Brando Miranda is a Ph.D. student at Stanford University in the Department of Computer Science, under the supervision of Prof. Sanmi Koyejo. Previously, he was a graduate student at the University of Illinois Urbana-Champaign, a Research Assistant at MIT's Center for Brains, Minds and Machines (CBMM), and a graduate student at the Massachusetts Institute of Technology (MIT). Miranda's research interests lie in meta-learning, foundation models for theorem proving, and human- and brain-inspired artificial intelligence (AI). He completed his Master of Engineering in Electrical Engineering and Computer Science under the supervision of Prof. Tomaso Poggio, where he conducted research on deep learning theory.
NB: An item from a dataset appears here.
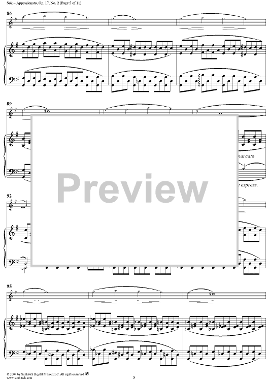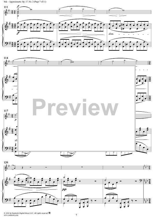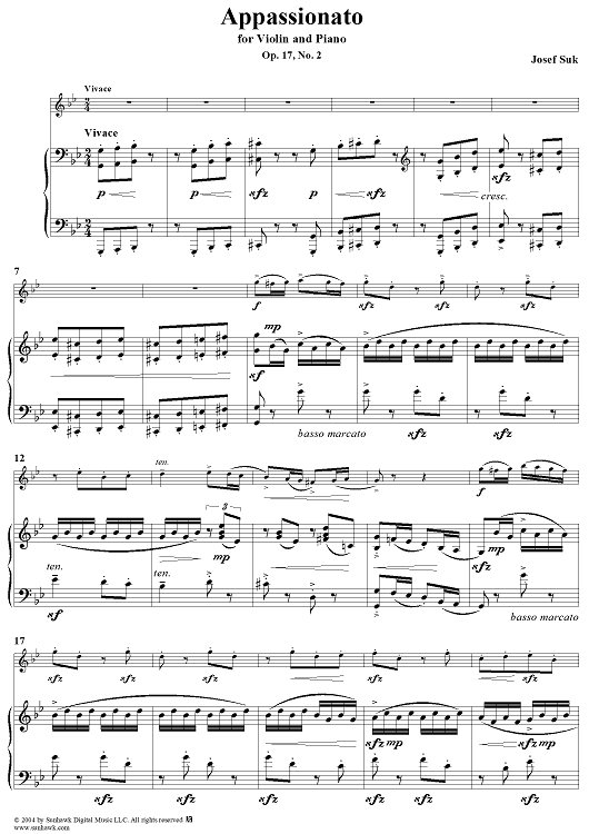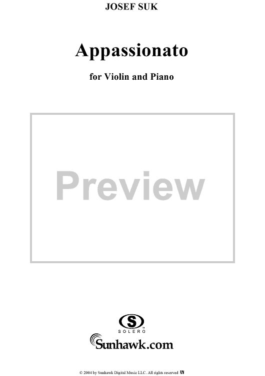 Digital Sheet Music for No. 2: Appassionato - Piano Score by Josef Suk scored for Violin/Piano; id:303304

Miranda has received several awards, including the Most Cited Paper Certificate from the International Journal of Automation & Computing (IJAC), two Honorable Mentions from the Ford Foundation Fellowship, the Computer Science Excellence Saburo Muroga Endowed Fellowship, the Stanford School of Engineering Fellowship, and he is currently an EDGE Scholar at Stanford University.

Pan Lu

Pan Lu is a postdoctoral researcher at Stanford University. He received his Ph.D. in Computer Science from UCLA in 2024. His research focuses on developing AI methods and systems to advance complex reasoning, mathematical intelligence, and scientific discovery. He has served as Senior Program Chair for NENLP 2025, Program Chair for SoCal NLP 2023, and Co-Chair of the MATHAI workshops at NeurIPS (2021-2024). He is a recipient of several awards, including two Most Influential Paper Awards (NeurIPS 2022, ICLR 2024), a Best Paper Honorable Mention at ACL 2023, the Best Paper Award at the KnowledgeNLP Workshop 2025, and Ph.D. Fellowships supported by Amazon, Bloomberg, and Qualcomm.

Sanmi Koyejo

Sanmi Koyejo is an Assistant Professor in the Department of Computer Science at Stanford University and a co-founder of Virtue AI. At Stanford, Koyejo leads the Stanford Trustworthy Artificial Intelligence (STAIR) Lab, which works to develop the principles and practice of trustworthy AI, with a focus on applications in science and healthcare. Koyejo has received several awards, including the Skip Ellis Early Career Award, the Presidential Early Career Award for Scientists and Engineers (PECASE), a Sloan Fellowship, a Terman Faculty Fellowship, an NSF CAREER Award, a Kavli Fellowship, and an IJCAI Early Career Spotlight. Koyejo serves on the Neural Information Processing Systems Foundation Board, the Association for Health Learning and Inference Board, and as President of the Black in AI Board.

Bo Han

Bo Han is currently an Associate Professor in Machine Learning and the Director of the Trustworthy Machine Learning and Reasoning Group at Hong Kong Baptist University, and a BAIHO Visiting Scientist of the Imperfect Information Learning Team at the RIKEN Center for Advanced Intelligence Project (RIKEN AIP). His research focuses on trustworthy machine learning. He has received multiple paper awards, including the Outstanding Paper Award at NeurIPS, the Most Influential Paper Award at NeurIPS, and the Outstanding Student Paper Award at a NeurIPS Workshop. He is also a recipient of the RGC Early CAREER Scheme, IEEE AI's 10 to Watch Award, IJCAI Early Career Spotlight, INNS Aharon Katzir Young Investigator Award, RIKEN BAIHO Award, Dean's Award for Outstanding Achievement, and the Microsoft Research StarTrack Scholars Program.